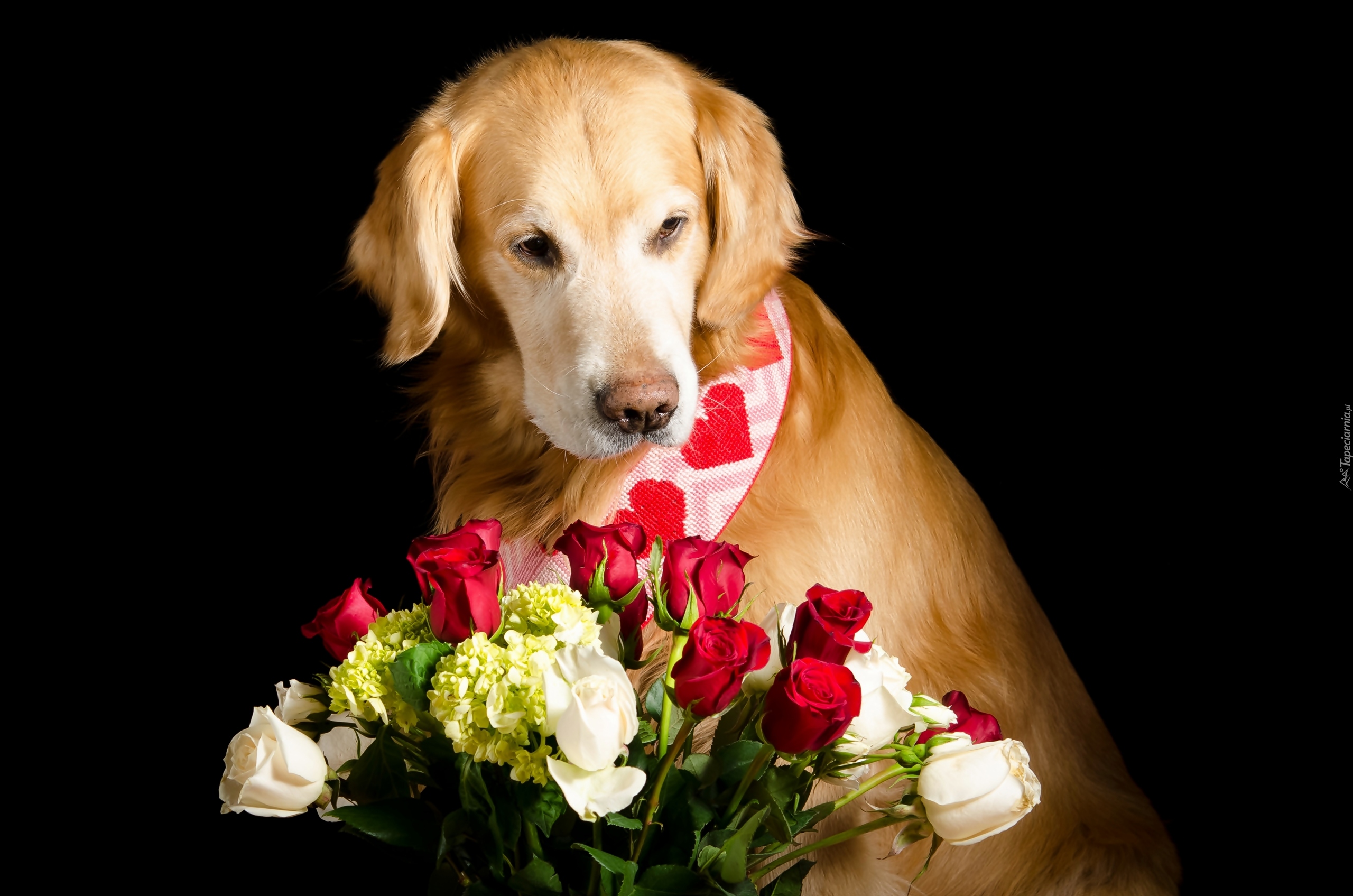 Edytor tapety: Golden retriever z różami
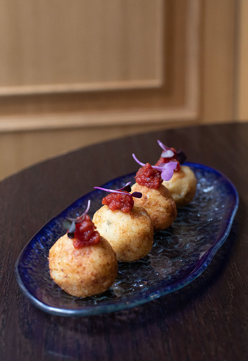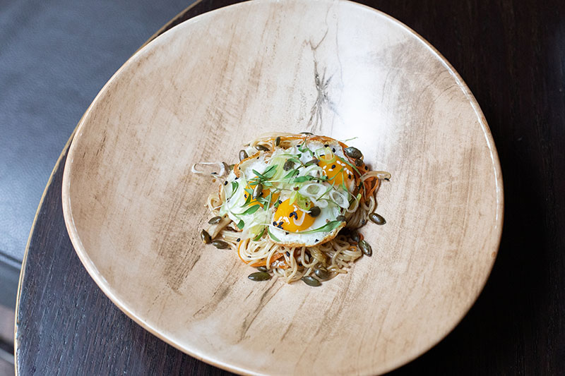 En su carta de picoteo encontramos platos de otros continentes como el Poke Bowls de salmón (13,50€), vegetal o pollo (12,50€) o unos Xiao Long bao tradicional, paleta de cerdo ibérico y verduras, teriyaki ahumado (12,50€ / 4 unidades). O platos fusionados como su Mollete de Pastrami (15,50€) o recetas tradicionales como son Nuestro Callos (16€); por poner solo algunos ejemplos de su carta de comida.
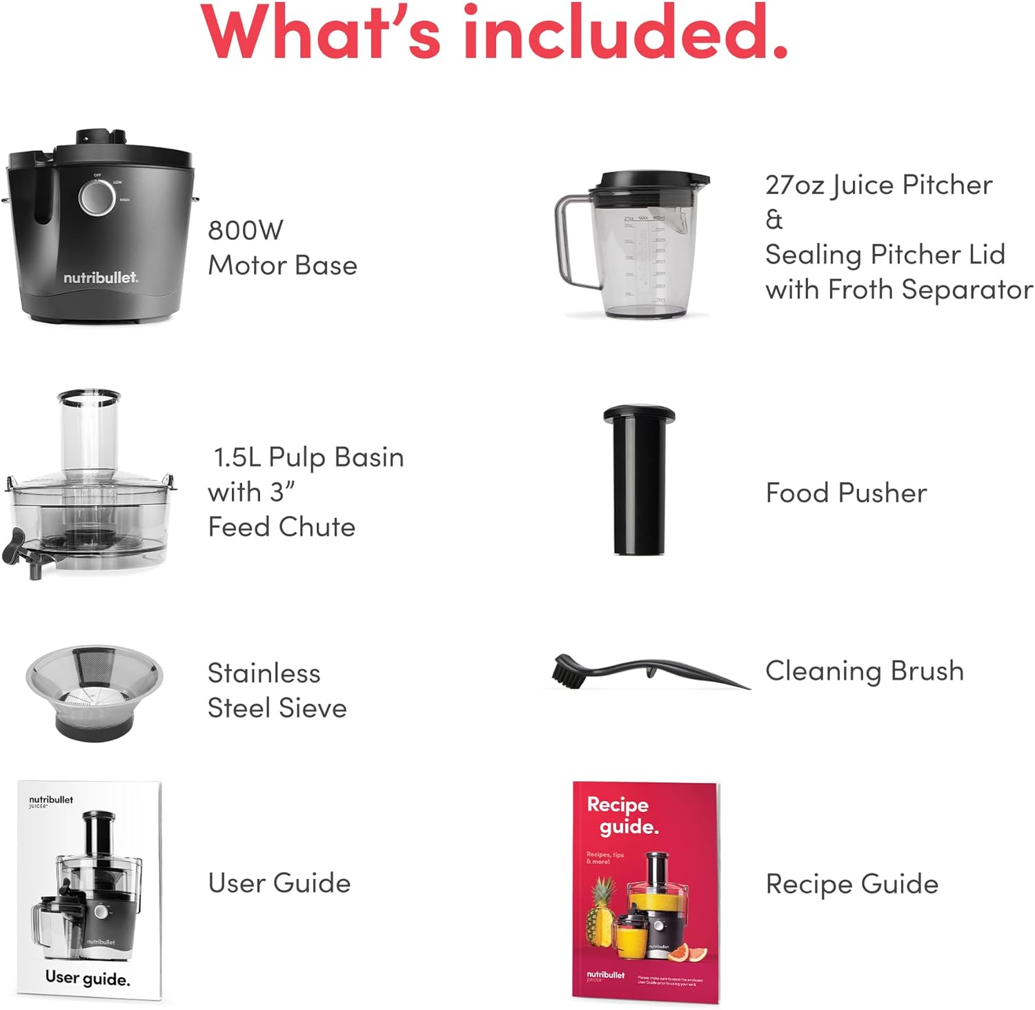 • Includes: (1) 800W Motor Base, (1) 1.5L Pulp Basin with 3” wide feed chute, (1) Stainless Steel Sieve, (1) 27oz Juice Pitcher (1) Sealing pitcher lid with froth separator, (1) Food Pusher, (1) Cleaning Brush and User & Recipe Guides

--

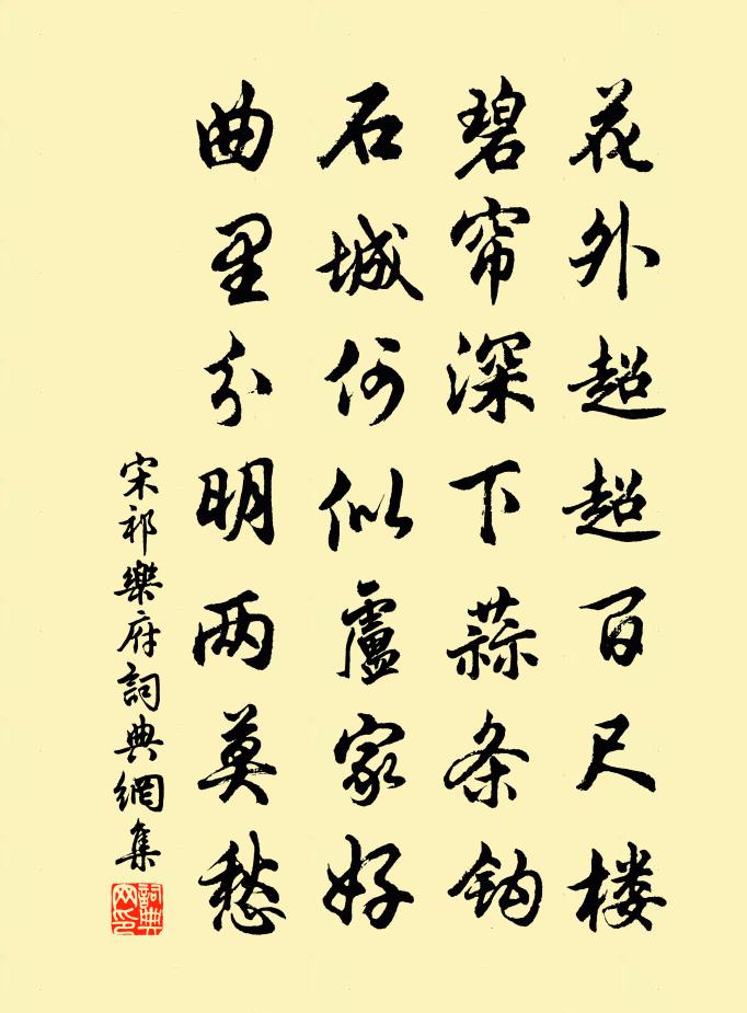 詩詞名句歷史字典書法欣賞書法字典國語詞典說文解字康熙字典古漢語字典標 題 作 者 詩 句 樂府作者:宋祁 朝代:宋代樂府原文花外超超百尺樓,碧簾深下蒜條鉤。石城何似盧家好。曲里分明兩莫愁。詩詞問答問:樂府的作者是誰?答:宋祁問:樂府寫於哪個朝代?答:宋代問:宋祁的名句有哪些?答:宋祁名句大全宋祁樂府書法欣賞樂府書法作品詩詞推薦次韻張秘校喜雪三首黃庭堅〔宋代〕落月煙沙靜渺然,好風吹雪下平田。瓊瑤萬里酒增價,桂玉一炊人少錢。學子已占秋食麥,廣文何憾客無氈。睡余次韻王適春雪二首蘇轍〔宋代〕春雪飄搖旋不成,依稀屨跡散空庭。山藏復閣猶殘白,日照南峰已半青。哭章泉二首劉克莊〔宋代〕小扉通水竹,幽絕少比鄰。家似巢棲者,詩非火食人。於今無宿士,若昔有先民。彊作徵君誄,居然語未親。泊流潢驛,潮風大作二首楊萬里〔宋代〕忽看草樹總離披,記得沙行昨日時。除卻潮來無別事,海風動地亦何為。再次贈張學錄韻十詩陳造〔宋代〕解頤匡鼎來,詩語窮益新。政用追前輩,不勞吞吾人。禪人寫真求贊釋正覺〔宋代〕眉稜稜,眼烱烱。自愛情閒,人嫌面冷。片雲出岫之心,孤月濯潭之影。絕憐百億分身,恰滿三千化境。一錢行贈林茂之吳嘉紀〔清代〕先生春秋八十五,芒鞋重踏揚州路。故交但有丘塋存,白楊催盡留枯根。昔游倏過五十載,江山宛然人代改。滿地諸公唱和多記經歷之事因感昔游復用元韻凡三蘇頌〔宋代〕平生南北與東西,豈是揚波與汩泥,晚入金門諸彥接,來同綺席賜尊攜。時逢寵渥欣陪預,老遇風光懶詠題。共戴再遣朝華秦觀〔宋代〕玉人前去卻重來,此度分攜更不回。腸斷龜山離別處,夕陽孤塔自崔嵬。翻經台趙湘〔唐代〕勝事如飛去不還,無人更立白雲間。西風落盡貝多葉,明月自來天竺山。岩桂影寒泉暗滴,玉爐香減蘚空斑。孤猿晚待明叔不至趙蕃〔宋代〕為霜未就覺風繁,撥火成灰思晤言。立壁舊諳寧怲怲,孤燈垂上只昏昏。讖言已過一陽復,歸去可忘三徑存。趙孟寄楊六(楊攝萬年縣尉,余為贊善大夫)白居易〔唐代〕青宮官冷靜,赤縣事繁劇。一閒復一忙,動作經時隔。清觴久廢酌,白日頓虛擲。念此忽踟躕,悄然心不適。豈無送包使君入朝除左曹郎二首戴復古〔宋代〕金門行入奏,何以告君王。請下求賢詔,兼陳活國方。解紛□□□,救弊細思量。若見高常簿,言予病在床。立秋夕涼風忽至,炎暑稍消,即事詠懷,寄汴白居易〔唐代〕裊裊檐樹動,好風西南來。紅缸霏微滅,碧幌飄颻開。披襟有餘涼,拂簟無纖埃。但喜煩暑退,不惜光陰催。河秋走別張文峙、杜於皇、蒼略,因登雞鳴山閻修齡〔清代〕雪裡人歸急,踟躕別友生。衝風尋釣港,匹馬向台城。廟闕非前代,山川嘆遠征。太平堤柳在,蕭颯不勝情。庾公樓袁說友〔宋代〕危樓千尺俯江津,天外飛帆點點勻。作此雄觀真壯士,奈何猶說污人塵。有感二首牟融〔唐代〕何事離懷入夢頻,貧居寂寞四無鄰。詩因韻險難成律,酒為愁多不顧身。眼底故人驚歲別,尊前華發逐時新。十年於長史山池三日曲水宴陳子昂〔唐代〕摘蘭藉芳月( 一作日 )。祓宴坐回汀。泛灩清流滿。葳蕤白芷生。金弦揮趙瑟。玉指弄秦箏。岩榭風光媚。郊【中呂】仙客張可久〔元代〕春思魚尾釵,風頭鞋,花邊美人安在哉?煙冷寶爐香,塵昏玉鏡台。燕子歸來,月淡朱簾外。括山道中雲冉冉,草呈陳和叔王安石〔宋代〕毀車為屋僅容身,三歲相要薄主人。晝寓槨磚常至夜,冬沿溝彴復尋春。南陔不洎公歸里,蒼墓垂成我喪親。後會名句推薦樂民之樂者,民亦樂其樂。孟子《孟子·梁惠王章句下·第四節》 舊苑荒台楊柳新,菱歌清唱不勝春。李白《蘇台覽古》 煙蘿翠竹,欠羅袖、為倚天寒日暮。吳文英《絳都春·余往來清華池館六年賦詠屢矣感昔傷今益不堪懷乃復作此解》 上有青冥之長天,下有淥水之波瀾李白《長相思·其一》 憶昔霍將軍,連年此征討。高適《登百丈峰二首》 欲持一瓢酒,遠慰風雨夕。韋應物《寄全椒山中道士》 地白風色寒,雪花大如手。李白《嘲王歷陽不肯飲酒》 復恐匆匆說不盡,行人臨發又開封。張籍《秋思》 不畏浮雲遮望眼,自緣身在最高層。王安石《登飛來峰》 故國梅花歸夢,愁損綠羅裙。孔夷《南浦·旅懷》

...

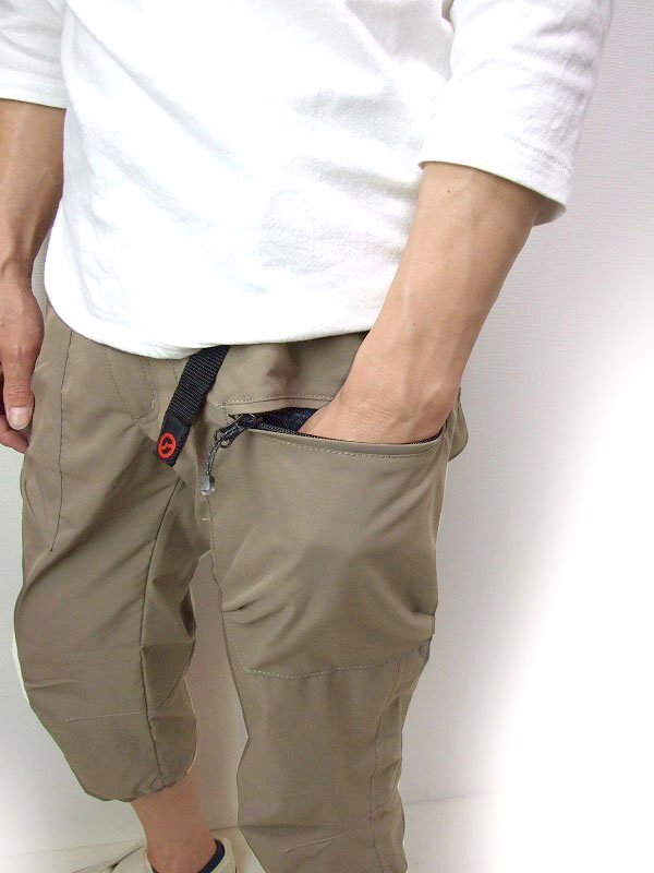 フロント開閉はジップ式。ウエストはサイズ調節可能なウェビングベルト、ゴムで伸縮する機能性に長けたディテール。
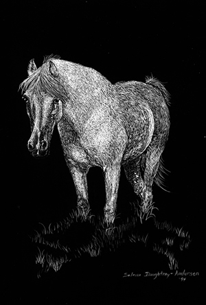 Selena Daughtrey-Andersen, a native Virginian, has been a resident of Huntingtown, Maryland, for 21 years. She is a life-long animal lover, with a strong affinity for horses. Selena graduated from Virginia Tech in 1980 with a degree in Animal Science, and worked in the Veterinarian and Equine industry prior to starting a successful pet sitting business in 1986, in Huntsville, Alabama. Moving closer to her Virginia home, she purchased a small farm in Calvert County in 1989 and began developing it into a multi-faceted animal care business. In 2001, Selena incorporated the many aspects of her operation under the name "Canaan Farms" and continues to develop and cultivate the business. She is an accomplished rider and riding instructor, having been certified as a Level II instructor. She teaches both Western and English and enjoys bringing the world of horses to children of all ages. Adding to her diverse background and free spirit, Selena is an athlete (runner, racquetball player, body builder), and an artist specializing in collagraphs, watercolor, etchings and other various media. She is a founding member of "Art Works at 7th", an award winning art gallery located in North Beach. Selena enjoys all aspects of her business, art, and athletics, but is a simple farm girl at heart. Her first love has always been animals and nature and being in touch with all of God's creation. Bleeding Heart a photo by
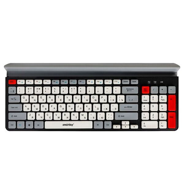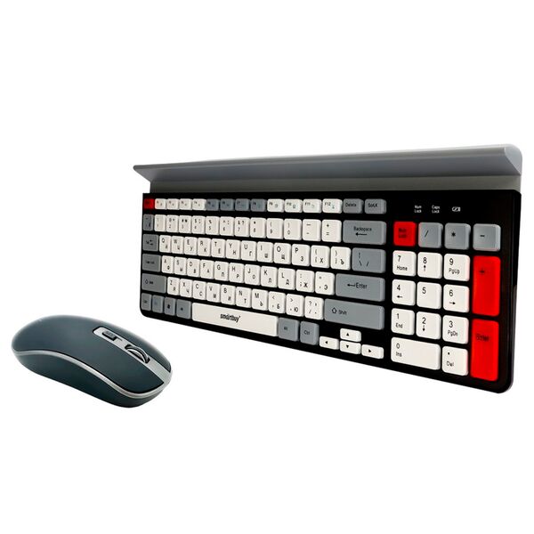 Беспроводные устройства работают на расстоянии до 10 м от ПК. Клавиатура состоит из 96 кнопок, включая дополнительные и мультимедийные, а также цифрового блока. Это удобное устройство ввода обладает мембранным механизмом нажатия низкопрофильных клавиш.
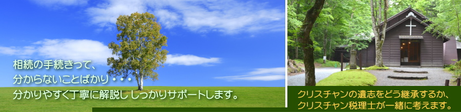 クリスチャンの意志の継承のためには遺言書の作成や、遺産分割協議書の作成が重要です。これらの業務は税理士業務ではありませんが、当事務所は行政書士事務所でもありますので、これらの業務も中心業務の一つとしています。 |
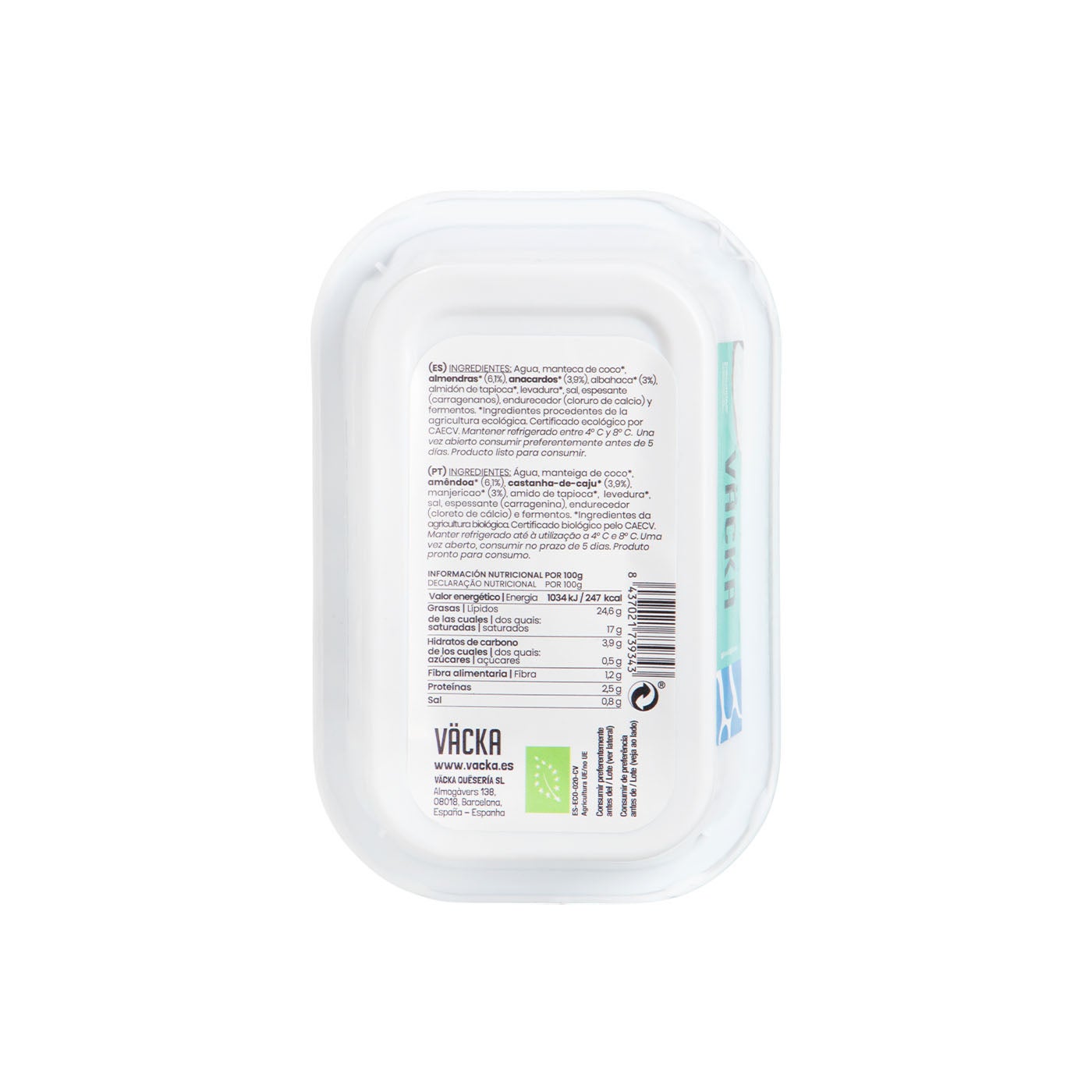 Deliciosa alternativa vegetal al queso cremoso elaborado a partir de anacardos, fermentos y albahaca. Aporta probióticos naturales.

__What this task involves__. Given the listing above, retype only the span of lines from the line with "クリスチャンの意志の継承のた" up to and including the line with "Deliciosa alternativa vegetal", exactly as it stands and without pictures.

__Written response__.
 クリスチャンの意志の継承のためには遺言書の作成や、遺産分割協議書の作成が重要です。これらの業務は税理士業務ではありませんが、当事務所は行政書士事務所でもありますので、これらの業務も中心業務の一つとしています。 |
 Deliciosa alternativa vegetal al queso cremoso elaborado a partir de anacardos, fermentos y albahaca. Aporta probióticos naturales.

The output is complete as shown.